Retrived from course forum for ECE695: "Financial Engineering", Spring 2012


  1. Getting account from WRDS Visit https://wrds-web.wharton.upenn.edu/wrds/ and hit the "Register for a WRDS account". Once you fill in all information needed by WRDS, they will verify that you are a Purdue student. This verification step may take 2 days or longer.
  2. Introduction documents you must read before doing anything
    1. Go to WRDS Support page and Read articles such as
    2. Getting started with WRDS
    3. Top 10 Things to Know about WRDS
    4. 3 Ways to use WRDS
  3. How to access WRDS account
    1. Web Interface :Most simple queries can be done by Web interface. You need to specify search conditions such as company, from when, to when, items you want to search. The result of query will be returned to you as soon as WRDS Supercomputer finishes queries to the database, with the format you selected (ex, .csv, .txt, and so on). For example, daily returns of IBM stock from Jan 1980 to Feb 2002 can be easily obtained by giving conditions such as stock PERMNO of IBM, and “starting date” to Jan 1980, and so on. If this type of query satisfies your need, you need not write a program.
    2. Terminal access :Sometimes Web-Interface is not enough for you to find needed dataset. This could happen when your query spans multiple databases or you need to do more fine-grained search. If so, you need to learn how to program SAS. SAS is a language and also software similar to Structured Query Language (SQL). It allows you to search database by group, and merge multiple tables for complicated queries. The steps to access WRDS through terminal is as follows
      1. Open up any terminal client such as SecureCRT
      2. Choose configuration as
        • Protocol : SSH2
        • Hostname : wrds.wharton.upenn.edu
        • Port  : 22 (default)
        • Username : The user account created from "(1) Getting account from WRDS"
    3. Copying data/code to and from WRDS systems can be done by WinSCP in a WYSIWYG fashion. WinSCP is freely downloadable from WinSCP free download
    4. Please refer to this article in WRDS Secure Copy (SCP), An Alternative to FTP
  4. Basic information of your account
    • Disk size: You will be given 750MB disk space to store your code, output files. In case you want additional disk space, you can purchase more from WRDS. Check your remaining disk space by "quota -v"
    • If your SAS code output is bigger than your quota (750MB), it will cause errors and makes program stop. You may want to copy your SAS code to one of the temp directories of WRDS /sastemp1 to /sastemp8 Temporary Disk Space
    • About 2 terabytes of disk space is available on the WRDS UNIX system for immediate processing of programs and temporary storage of large files. The shared workspace is divided into a series of directories, and a specific directory is assigned to each SAS process based on available disk space and disk activity. Users can access any of these directories for other processes and temporary storage. Files are automatically removed from these directories, and the space is constantly monitored to ensure that workspace is available for users to run programs and store temporary files. To ensure availability for the largest possible number of WRDS users, long-term storage in these directories is prohibited.

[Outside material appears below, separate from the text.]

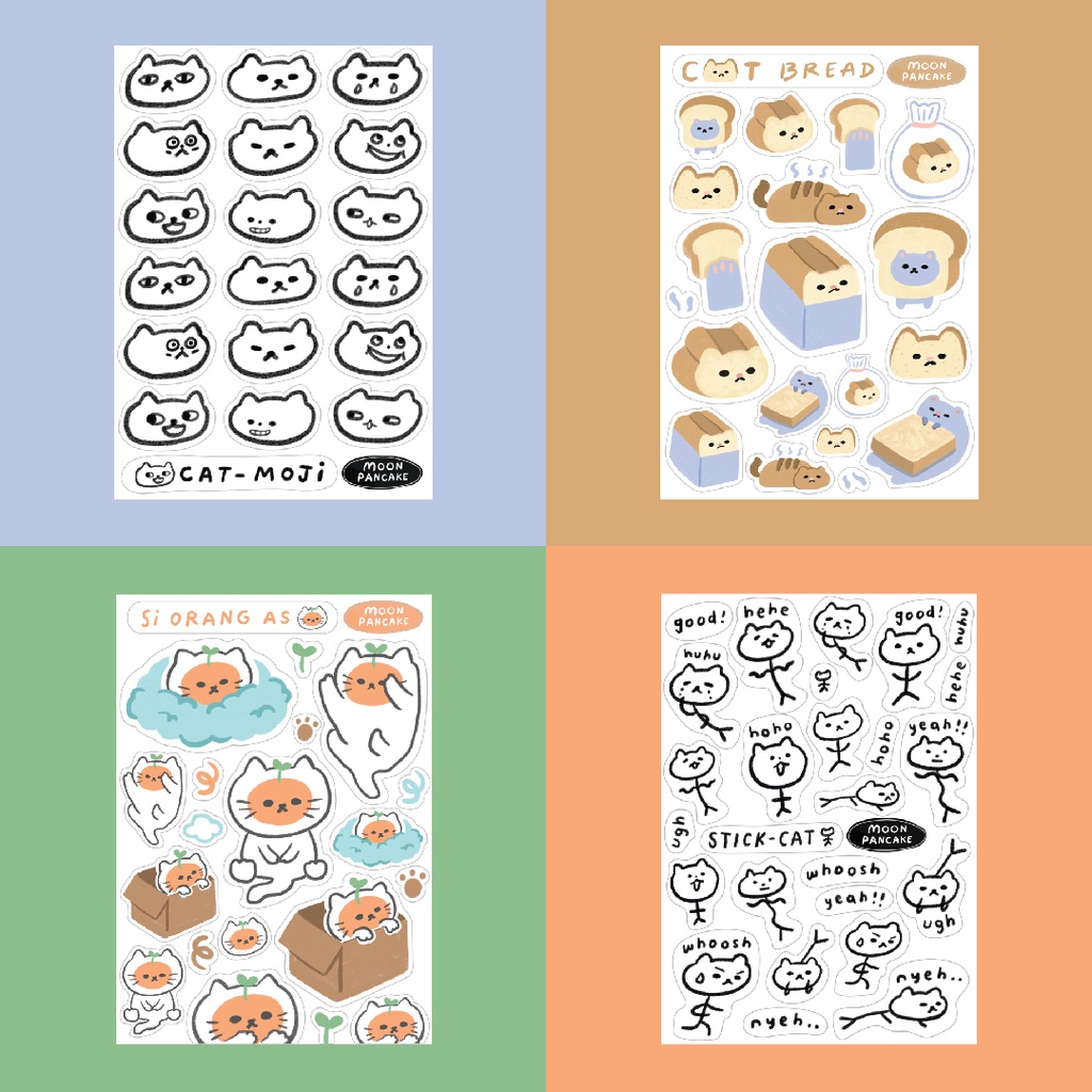 This cat sticker bundle contains 4 sheets of stickers consisting of:

    • SAStemp Directories: /sastemp1 - /sastemp8, Files located here are not backed up! Files and directories older than 48 hours are automatically removed. Temporary work libraries created by SAS (i.e., SAS_work* subdirectories) are automatically removed if the associated SAS process has ended. If any one of the SAStemp directories is more than 95% full, the user accounting for the most space on that particular file system will have all of his/her files deleted from it without notice, regardless of file age. Beyond the specific criteria listed above, WRDS may delete SAStemp files without notice if they are being used for long-term storage or a single user's files are preventing others from access to adequate SAStemp space. Fortunately the latter has been a rare event, and there is often an opportunity to contact the owner before file deletion. For more information, please go to Unix Disk space in WRDS
  5. Databases you can use
    • Stock database in WRDS are subscription-based. Purdue students can only view/query Purdue University subscribing database. The complete list of subscribed database can be checked from "myWRDS/Products". Since there are many vendors providing stock related information, their data formats are different company by company. WRDS converts all databases into one common data format so as not to mandate users to learn multiple programming languages to do research in WRDS. One of the most popular stock databases is CRSP. CRSP database does not get updated real-time based. It is either updated by monthly, quarterly or yearly according to data vendors. Therefore very recent stock price data might not be available until WRDS updates them.
    • Popular databases
    1. CRSP - if you need daily or monthly stock price, use this.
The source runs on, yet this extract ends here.